For careful tax planning, please note that capital gains tax drops to zero (nothing payable) after 5 years of ownership. This is to say if you have owned your property in Turkey for no less than 5 years, then there is no capital gains tax payable at all.
Tax on rental income is similar to capital gains tax. The income you generate from your Turkish real estate, after allowable expenses against income such as maintenance and some wear & tear, becomes the taxable amount. This amount is again subject to an annual exemption amount after which tax brackets start at 15% and rise to 35% for net income in excess of Lira 40,000.
How does Turkish income tax compare to other European countries?

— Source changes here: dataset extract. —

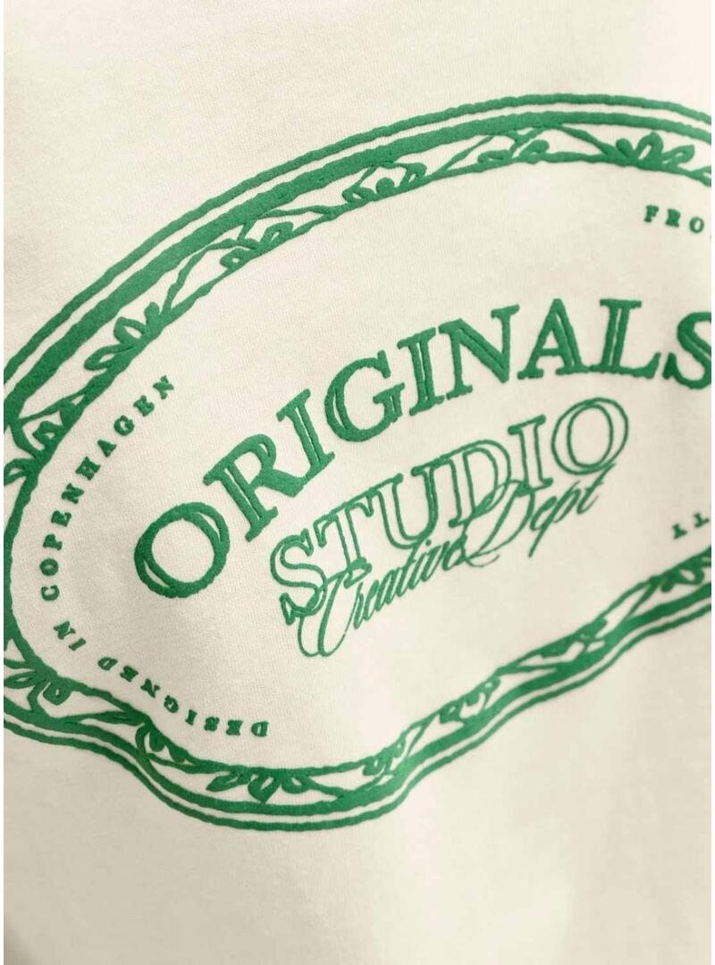 Maglietta Jack and Jones Greene Branding. Colore beige. Collo rotondo. Vestibilità larga. Manica corta. Logo Originals stampato sul petto e sulla schiena con dettagli in verde.

For comparison, Russia is not a country that should be considered friendly to landlords. Evictions can only happen after 6 months of non-payment and are not easy even then. Plus, regardless of the term of a lease, Russian renters can terminate a lease with three months notice.
Further, foreign real estate investors pay a hefty thirty percent income tax on all income with no available deductions. You’ll also pay a maximum 1.5% land tax and a maximum 2.2% property tax with rates slightly lower if you purchase outside major cities.
In Austria, you’ll pay a stiff property tax increase as a non-resident. You’ll also want to beware of extra taxes on property you plan to sell in less than ten years as the capital gain will be taxed at the same 25-30% rate as regular income, but you won’t have expense deductions to soften the blow.
France has an unusual tax code as it relates to rental income. There is a notable difference in the tax you will pay that is solely defined by whether or not you rent a furnished or unfurnished property. You might also be punished if you are considered a “professional” landlord in France.
In Panama, foreign investors have to duck to avoid the VAT tax on immovable property. There is also a property tax that increases based on the current value of the property.
Perhaps the worst place to be a landlord is Italy. Landlords are spanked with a 23-43% tax on rental income, plus residency will cost you a tax on your global income.
But, Switzerland doesn’t want to be ignored when it comes to the list of top countries for taxing the life out of landlords. You’ll enjoy a 54.5% tax on rental income for that Swiss chalet.
There are countries with modestly lower property and landlord taxes, but many would not be a good choice, due to civil unrest, political problems or national economic challenges. Greece is a good example. Although the current rates for property and income taxes are lower than in Turkey, Greece has yet to find national financial stability and any solution is likely to come on the backs of property owners and landlords.
You should obviously do your homework before investing in foreign real estate, but property in Turkey should be at the top of your list with its low property and income taxes, high property value growth rates and minimal barriers to foreign property ownership.